Activity =
Set down the first line below and each line after it, ending with the one that holds "After ordering, please". Pictures do not belong in the copy.

Dataset content =
--------------------------------
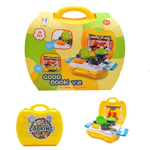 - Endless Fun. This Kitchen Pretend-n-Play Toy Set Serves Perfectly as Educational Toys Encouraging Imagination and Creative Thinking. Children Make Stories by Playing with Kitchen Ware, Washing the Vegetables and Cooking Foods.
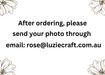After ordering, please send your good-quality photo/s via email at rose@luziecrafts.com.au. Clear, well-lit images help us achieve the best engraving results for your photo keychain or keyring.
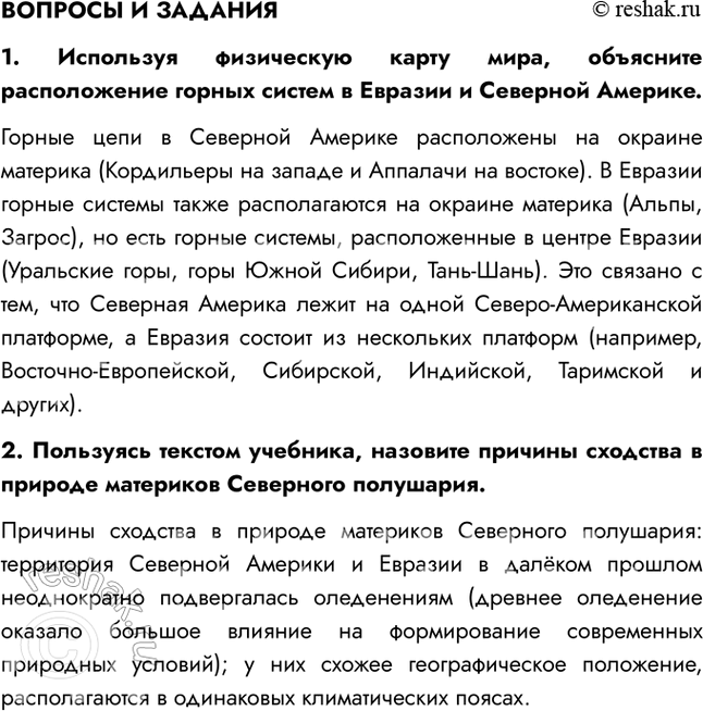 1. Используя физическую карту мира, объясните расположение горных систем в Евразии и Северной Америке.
--------------------------------
Output of the task =
 - Endless Fun. This Kitchen Pretend-n-Play Toy Set Serves Perfectly as Educational Toys Encouraging Imagination and Creative Thinking. Children Make Stories by Playing with Kitchen Ware, Washing the Vegetables and Cooking Foods.
After ordering, please send your good-quality photo/s via email at rose@luziecrafts.com.au. Clear, well-lit images help us achieve the best engraving results for your photo keychain or keyring.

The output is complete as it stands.